L’éducation faite en s’amusant disperse la pensée; la peine en tout genre est un des grands secrets de la nature: l’esprit de l’enfant doit s’accoutumer aux efforts de l’étude, comme notre âme à la souffrance. Le perfectionnement du premier âge tient au travail, comme le perfectionnement du second à la douleur: il est à souhaiter sans doute que les parents et la destinée n’abusent pas trop de ce double secret; mais il n’y a d’important, à toutes les époques de la vie, que ce qui agit sur le centre même de l’existence, et l’on considère trop souvent l’être moral en détail. Vous enseignerez avec des tableaux, avec des cartes, une quantité de choses à votre enfant; mais vous ne lui apprendrez pas à apprendre; et l’habitude de s’amuser, que vous dirigez sur les sciences, suivra bientôt un autre cours, quand l’enfant ne sera plus dans votre dépendance.

Ce n’est donc pas sans raison que l’étude des langues anciennes et modernes a été la base de tous les établissements d’éducation qui ont formé les hommes les plus capables en Europe: le sens d’une phrase dans une langue étrangère est à la fois un problème grammatical et intellectuel; ce problème est tout à fait proportionné à l’intelligence de l’enfant: d’abord il n’entend que les mots, puis il s’élève jusqu’à la conception de la phrase; et bientôt après le charme de l’expression, sa force, son harmonie, tout ce qui se trouve enfin dans le langage de l’homme, se fait sentir par degrés à l’enfant qui traduit. Il s’essaie tout seul avec les difficultés que lui présentent deux langues à la fois; il s’introduit dans les idées successivement, compare et combine divers genres d’analogies et de vraisemblances; et l’activité spontanée de l’esprit, la seule qui développe vraiment la faculté de penser, est vivement excitée par cette étude. Le nombre des facultés qu’elle fait mouvoir à la fois lui donne l’avantage sur tout autre travail, et l’on est trop heureux d’employer la mémoire flexible de l’enfant à retenir un genre de connaissances, sans lequel il serait borné toute sa vie au cercle de sa propre nation, cercle étroit comme tout ce qui est exclusif.

L’étude de la grammaire exige la même suite et la même force d’attention que les mathématiques, mais elle tient de beaucoup plus près à la pensée.
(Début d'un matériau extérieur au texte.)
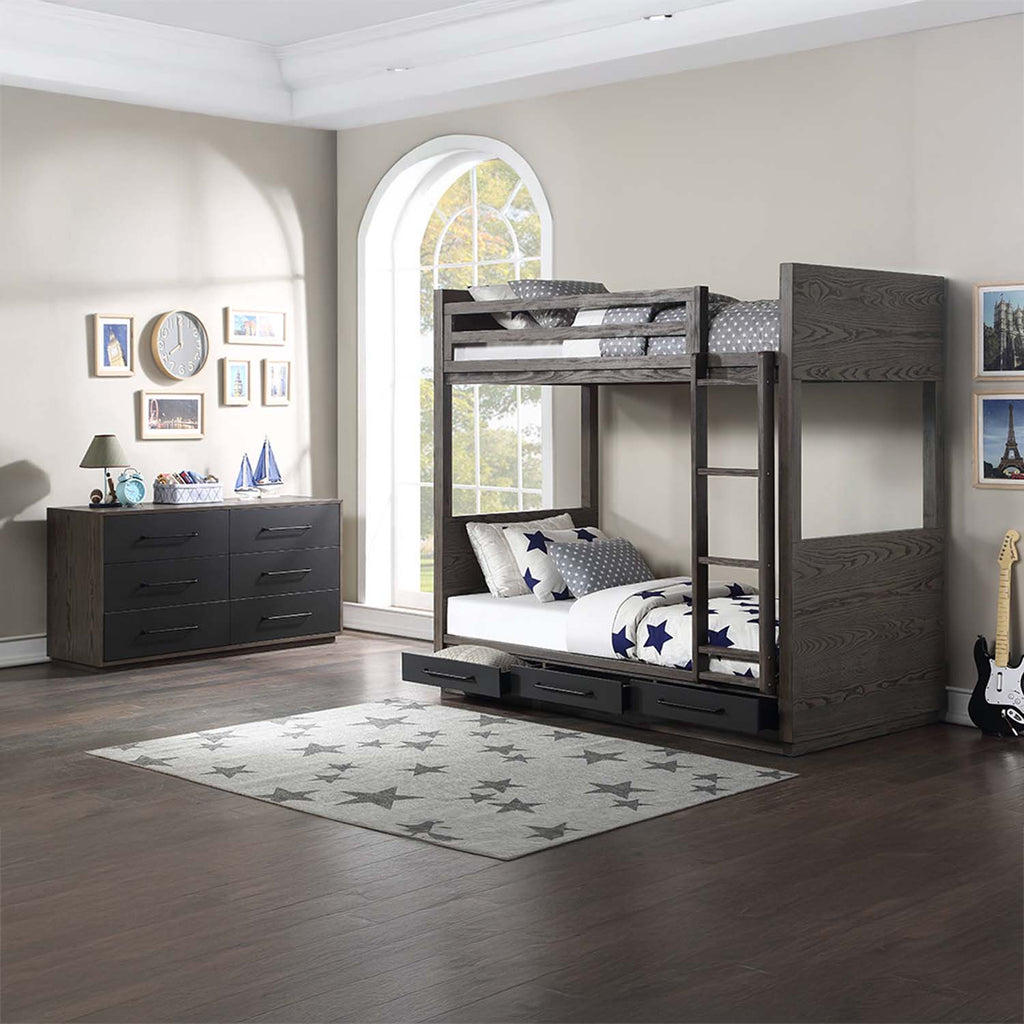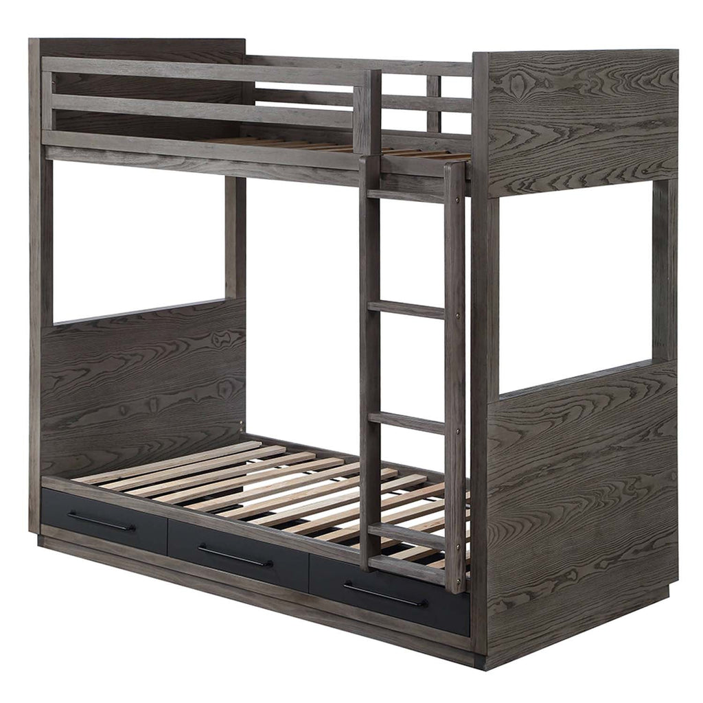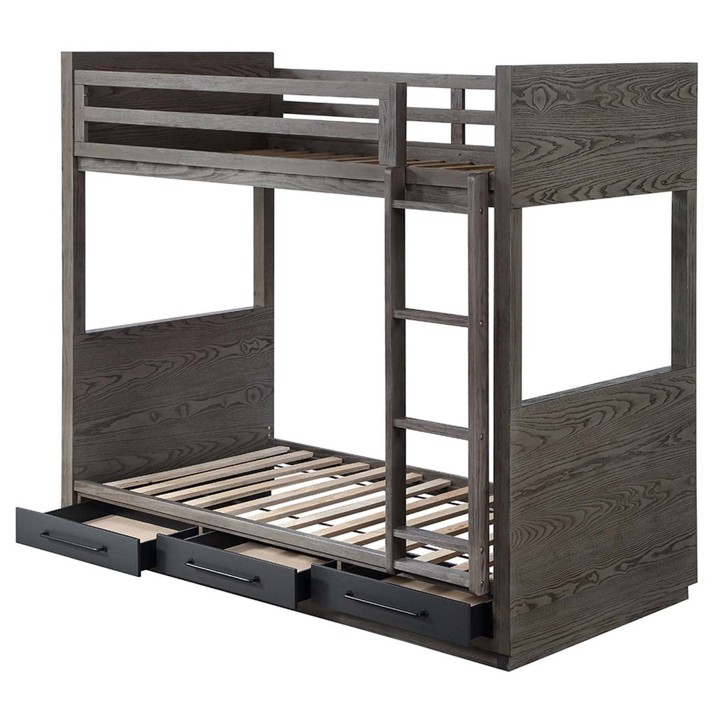 Maximizing the sleeping capacities of your little one's bedroom with the Estevon bunk bed. Whether you've got two children sharing a bedroom or one little one that loves sleepovers, this twin over twin bunk bed is a perfect choice. The gray oak finish is modern and can easily blend in with various color schemes. No need for bunkie boards, the bunk bed includes a 14+14 slat system and a fixed ladder. The bed features three drawers to help your little ones keep organized.
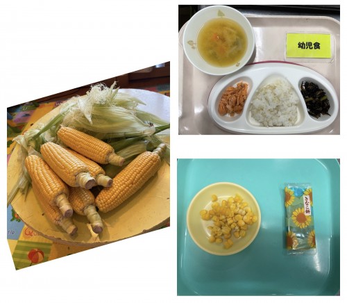 御飯、鮭の香り焼き、ひじきの煮物、みそ汁 15時のおやつ ゆでとうもろこし、せんべい子どもたちがむいてくれたとうもろこしをおやつで出しました🌽
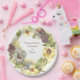 Vintage Abbildung blaue, lila und gelbe Stiefmütterchen in einem Personalisierten Ring für Ihre Dusche oder Ihr Party
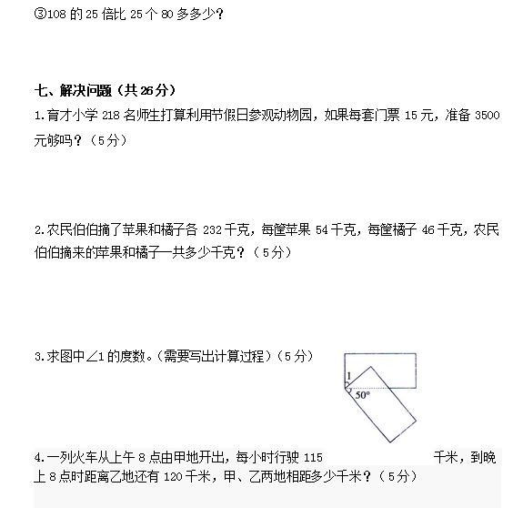 人教版小学四年级上册数学期中试卷及答案(卷三)(7)
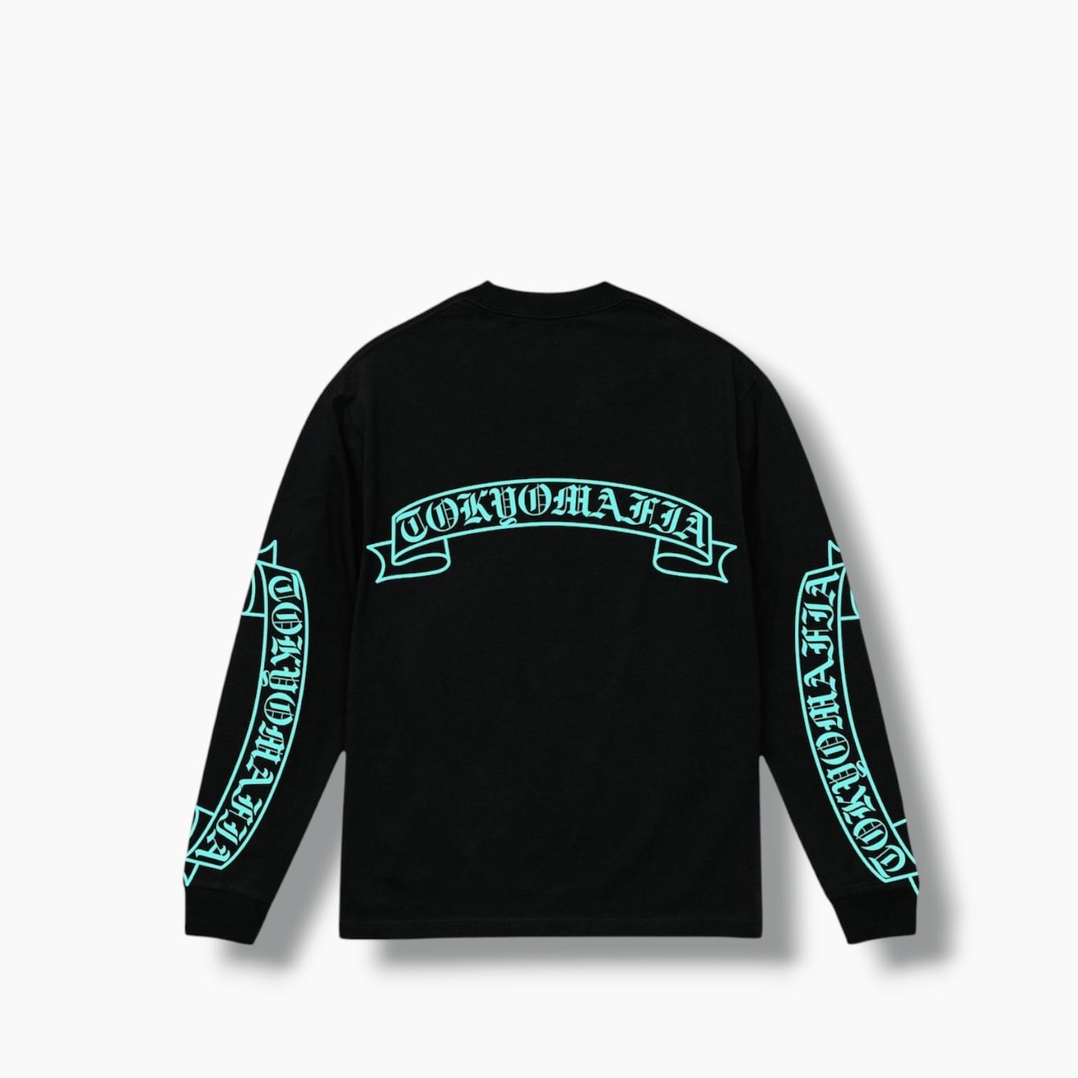 襟下フロント、バック中心、両袖フルサイズに贅沢に堂々とプリントされた「TOKYOMAFIA」シグネイチャーは、街中でも一目で分かる存在感

La grammaire lie les idées l’une à l’autre, comme le calcul enchaîne les chiffres; la logique grammaticale est aussi précise que celle de l’algèbre, et cependant elle s’applique à tout ce qu’il y a de vivant dans notre esprit: les mots sont en même temps des chiffres et des images; ils sont esclaves et libres, soumis à la discipline de la syntaxe, et tout-puissants par leur signification naturelle; ainsi l’on trouve dans la métaphysique de la grammaire l’exactitude du raisonnement et l’indépendance de la pensée réunies ensemble; tout a passé par les mots et tout s’y retrouve quand on sait les examiner: les langues sont inépuisables pour l’enfant comme pour l’homme, et chacun en peut tirer tout ce dont il a besoin.